Binding Mode of Actin-Aplyronine A-Tubulin Heterotrimeric Complex Revealed by Molecular Dynamics Simulation

The antitumor macrolide aplyronine A (ApA) disturbs microtubule (MT) dynamics by inducing the protein -protein interaction (PPI) between actin and tubulin. However, the detailed binding mode of the actin-ApA-tubulin heterotrimeric complex (HTC) and the molecular mechanism by which ApA inhibits MT are unclear. To establish the binding modes of the actin-ApA complex on the tubulin alpha/beta-heterodimer, blind protein -protein docking and molecular dynamics simulations were performed.

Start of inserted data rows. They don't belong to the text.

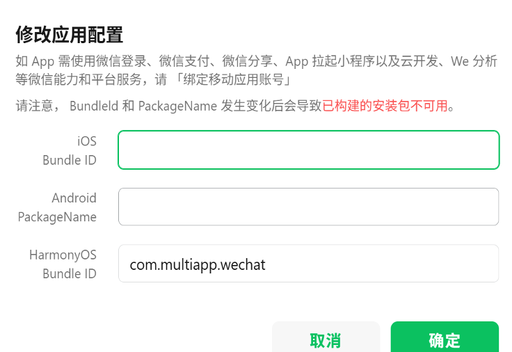 - 如你当前的多端应用已绑定移动应用账号,那么你需要前往【微信开放平台 - 管理中心 - 移动应用 - 开发信息】中配置鸿蒙的包名信息(注意,移动应用需审核通过)
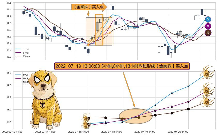 ⚀ 2022-07-19 13:00:00小时显现 5小时-8小时-13小时均线 【金蜘蛛】买入点 看多信号,后市看涨,买入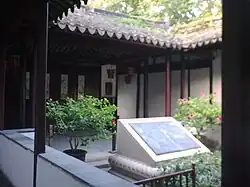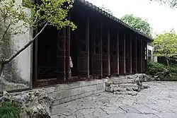 A winding roofed corridor which connects the entry hall, residence, and Old Intertwined Trees Court. It is marked by a tablet inscribed by Suzhou Magistrate Wu Yun reading, "Lingering garden".[2] |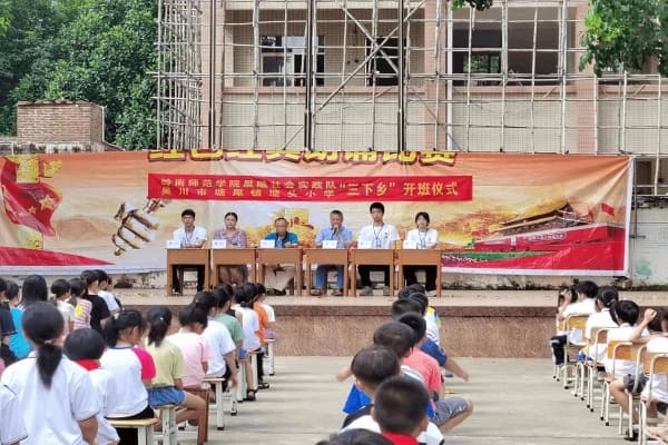 2023年7月10日上午8:30,嶺南師范學(xué)院數(shù)學(xué)與統(tǒng)計學(xué)院的“晨曦”社會實踐隊在吳川市塘頭村塘頭小學(xué)舉行開班儀式。特邀塘頭村村長凌東旭、塘頭小學(xué)校長凌舒雯和指導(dǎo)老師歐伯群出席并發(fā)表講話。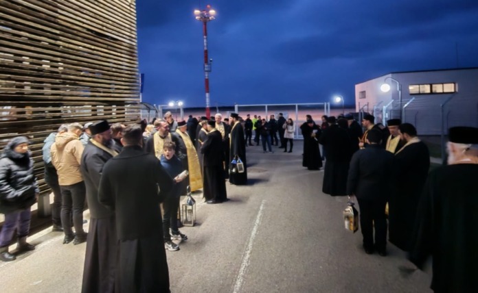 Preoți veniți la Aeroportul Internațional ”Ștefan cel Mare” din tot județul, în așteptarea Luminii Sfinte de la Ierusalim: ”Să sperăm că nu se va trezi vreun deștept să meargă cu geamul de la avion deschis, să se facă curent și să ne stingă candela”.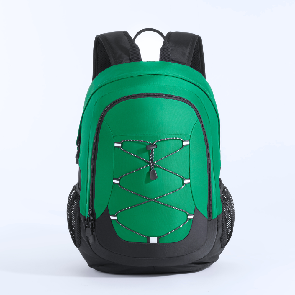 A functional sporty two-compartment backpack in a vibrant color with contrasting black panels on the bottom and sides. The front features an elastic bungee cord system for attaching additional gear. • Elastic bungee cords on the front allow quick attachment of lightweight items, such as a jacket or mat. • A reflective system integrated into the front of the backpack, ensuring the user's visibility at night. • Side mesh pockets are perfect for water bottles or other small accessories. • Ergonomic, ventilated back panel ensures breathability and comfort during use. • Padded shoulder straps ensure comfortable carrying. • A spacious main compartment with a zipper allows for storing various items, from documents to sports equipment. • Includes a dedicated laptop compartment, providing secure storage for laptops during travel or daily commutes. • Lightweight yet durable material, resistant to daily wear and moderate weather conditions. • Ideal for everyday use, hiking trips, school, or gym activities. • Capacity: 25L
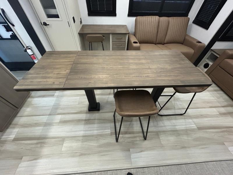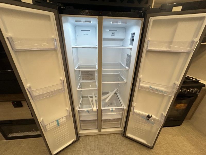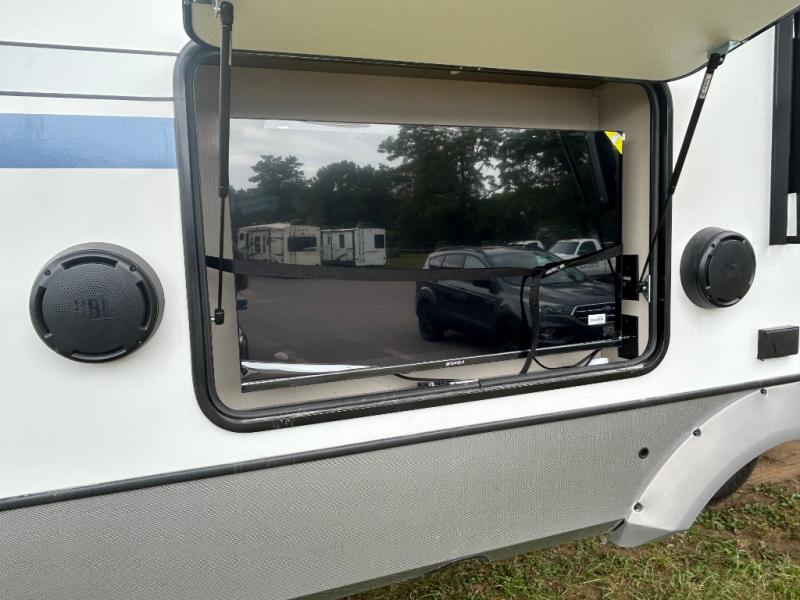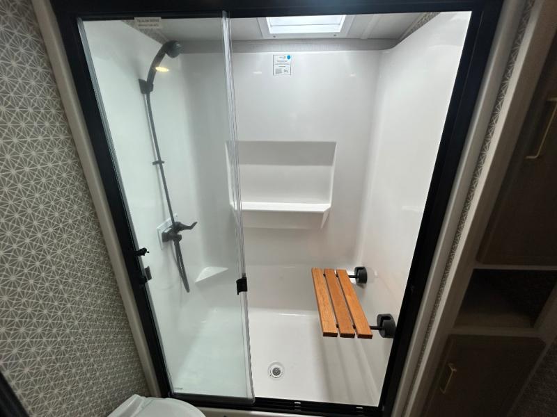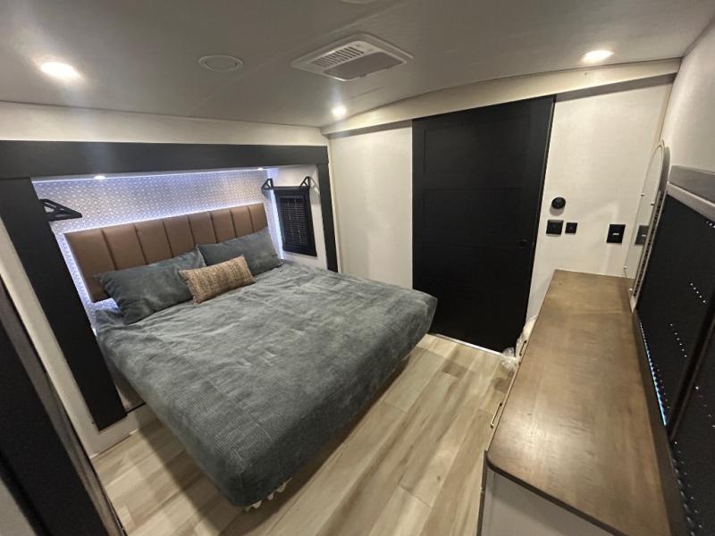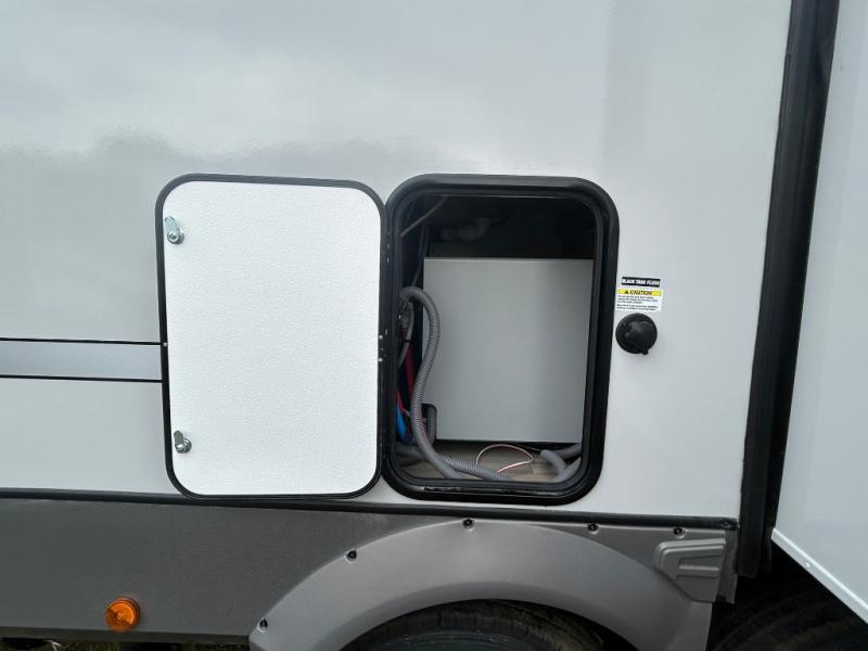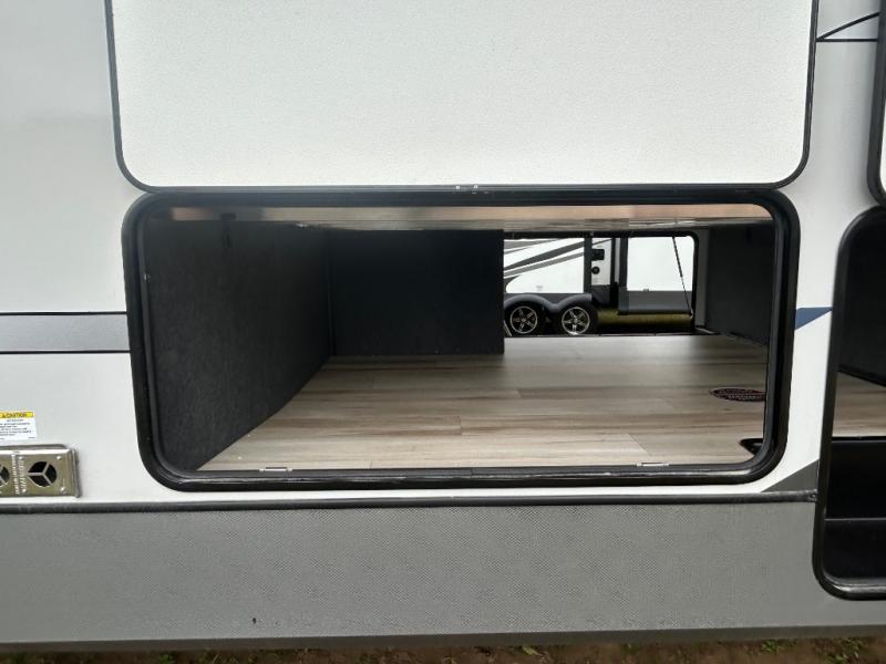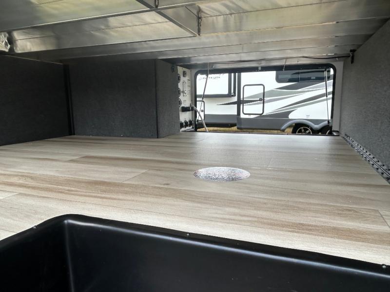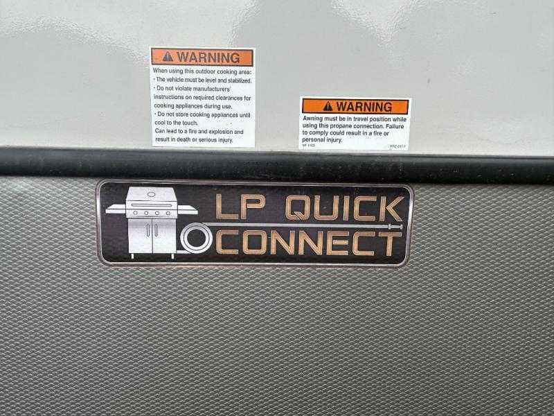 The RV is built with laminated "Aluma Frame" sidewalls and floor and a fiberglass exterior. It comes with a 15,000 BTU A/C and is prepped for a second A/C unit. It has a 49-gallon fresh water tank, a 78-gallon gray water tank, and a 30-gallon black water tank. Other features include a 21-foot power awning with LED lights, a universal docking station, and a heated and enclosed underbelly with 12V tank heaters for all-season use. It also has a 60K BTU on-demand tankless water heater.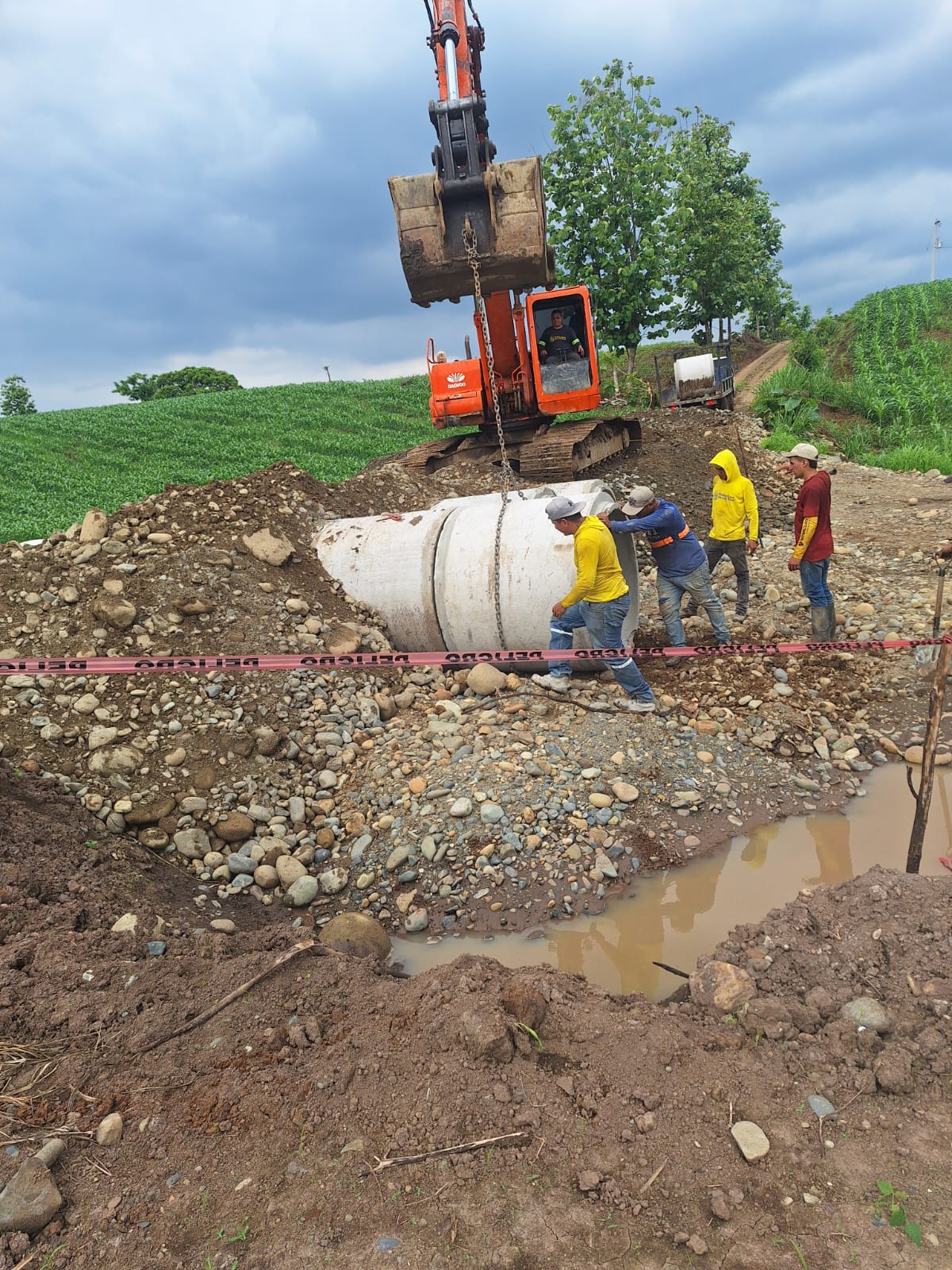 En el sector de Cañaveral de Adentro, perteneciente al cantón Urdaneta, y en El Moral, ubicado en el cantón Ventanas, los equipos de la Prefectura avanzan con la colocación de tuberías para la instalación de alcantarillas triples, una obra fundamental para la gestión de aguas pluviales y el mantenimiento de las vías.

Two plausible HTC models having enough conformational and ligand stabilities were obtained, in which the C7 N,N,O-trimethylserine ester of ApA, an essential group for its potent cytotoxicity and PPI-inducing effect, interacted with Glu336/Asn337 or Arg123/Glu127 of beta-tubulin. Based on the superposed models with the MT lattice, two possible mechanisms were proposed: the HTC would bind to the plus end of MT to potently inhibit tubulin assembly, or the actin- ApA complex would bind to the middle part of MT to form the internal HTC and destabilize MT structure. Our proposed models can explain why the actin-ApA complex inhibits MT dynamics at a much lower concentration than those of fibrous actin and tubulin proteins in cells.